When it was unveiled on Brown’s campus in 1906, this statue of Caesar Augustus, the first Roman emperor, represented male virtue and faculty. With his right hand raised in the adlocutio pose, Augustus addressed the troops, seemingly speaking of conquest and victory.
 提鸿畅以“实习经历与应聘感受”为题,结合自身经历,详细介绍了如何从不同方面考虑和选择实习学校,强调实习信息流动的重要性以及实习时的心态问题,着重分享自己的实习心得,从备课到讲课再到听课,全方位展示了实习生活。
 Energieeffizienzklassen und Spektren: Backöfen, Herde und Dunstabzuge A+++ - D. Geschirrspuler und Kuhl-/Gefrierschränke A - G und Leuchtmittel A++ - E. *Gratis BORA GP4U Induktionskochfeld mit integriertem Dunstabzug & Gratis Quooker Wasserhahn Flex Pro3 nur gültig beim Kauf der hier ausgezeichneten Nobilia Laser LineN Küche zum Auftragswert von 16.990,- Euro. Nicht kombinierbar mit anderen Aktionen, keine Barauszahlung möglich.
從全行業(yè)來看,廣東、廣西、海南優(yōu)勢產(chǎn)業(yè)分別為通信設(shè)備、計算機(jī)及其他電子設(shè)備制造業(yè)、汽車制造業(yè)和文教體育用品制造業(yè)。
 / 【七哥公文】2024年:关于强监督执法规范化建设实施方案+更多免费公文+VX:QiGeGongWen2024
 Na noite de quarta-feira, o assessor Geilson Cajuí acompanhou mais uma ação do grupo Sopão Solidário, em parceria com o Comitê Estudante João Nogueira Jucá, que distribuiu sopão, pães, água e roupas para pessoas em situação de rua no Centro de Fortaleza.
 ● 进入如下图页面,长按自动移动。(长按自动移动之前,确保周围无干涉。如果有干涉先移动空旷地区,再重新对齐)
==
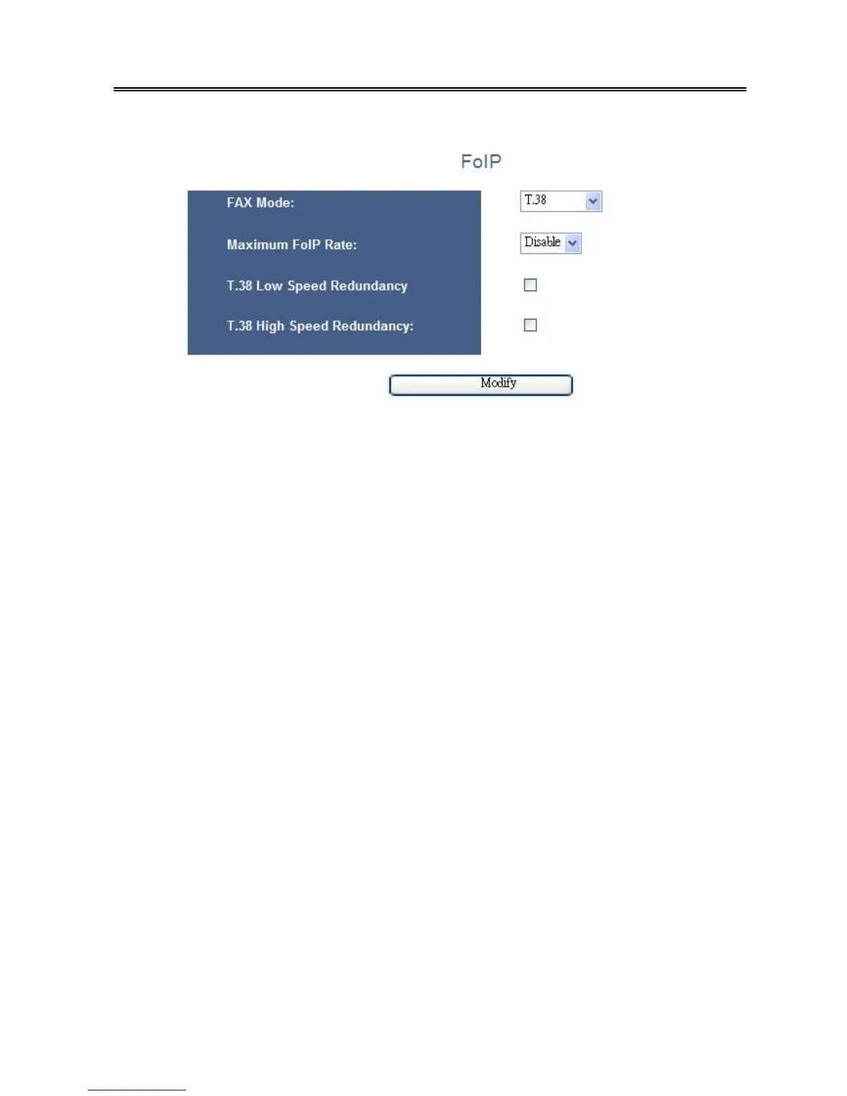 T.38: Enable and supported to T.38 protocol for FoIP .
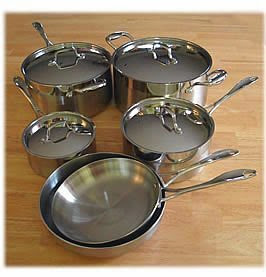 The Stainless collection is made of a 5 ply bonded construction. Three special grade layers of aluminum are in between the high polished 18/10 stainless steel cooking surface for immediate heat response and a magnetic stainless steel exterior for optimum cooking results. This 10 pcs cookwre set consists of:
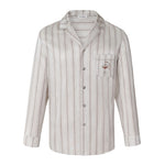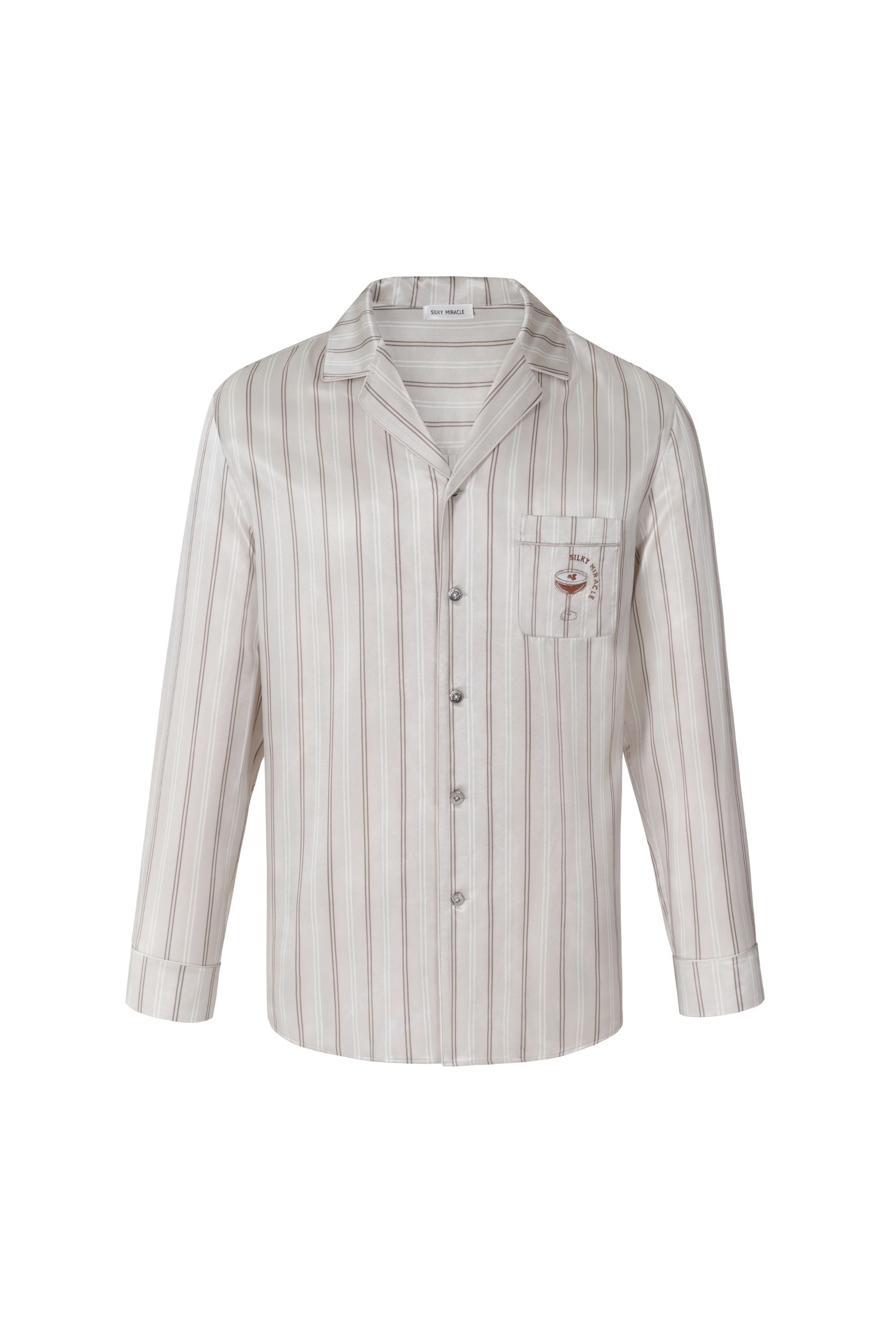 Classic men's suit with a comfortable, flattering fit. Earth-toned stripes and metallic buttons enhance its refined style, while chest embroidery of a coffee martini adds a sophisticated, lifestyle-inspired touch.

> **Task objective**: Starting with the line that has "The Stainless collection" and going on through the line that has "Classic men's suit", transcribe the records above exactly, but skip the pictures.

> **Problem solution**:
 The Stainless collection is made of a 5 ply bonded construction. Three special grade layers of aluminum are in between the high polished 18/10 stainless steel cooking surface for immediate heat response and a magnetic stainless steel exterior for optimum cooking results. This 10 pcs cookwre set consists of:
 Classic men's suit with a comfortable, flattering fit. Earth-toned stripes and metallic buttons enhance its refined style, while chest embroidery of a coffee martini adds a sophisticated, lifestyle-inspired touch.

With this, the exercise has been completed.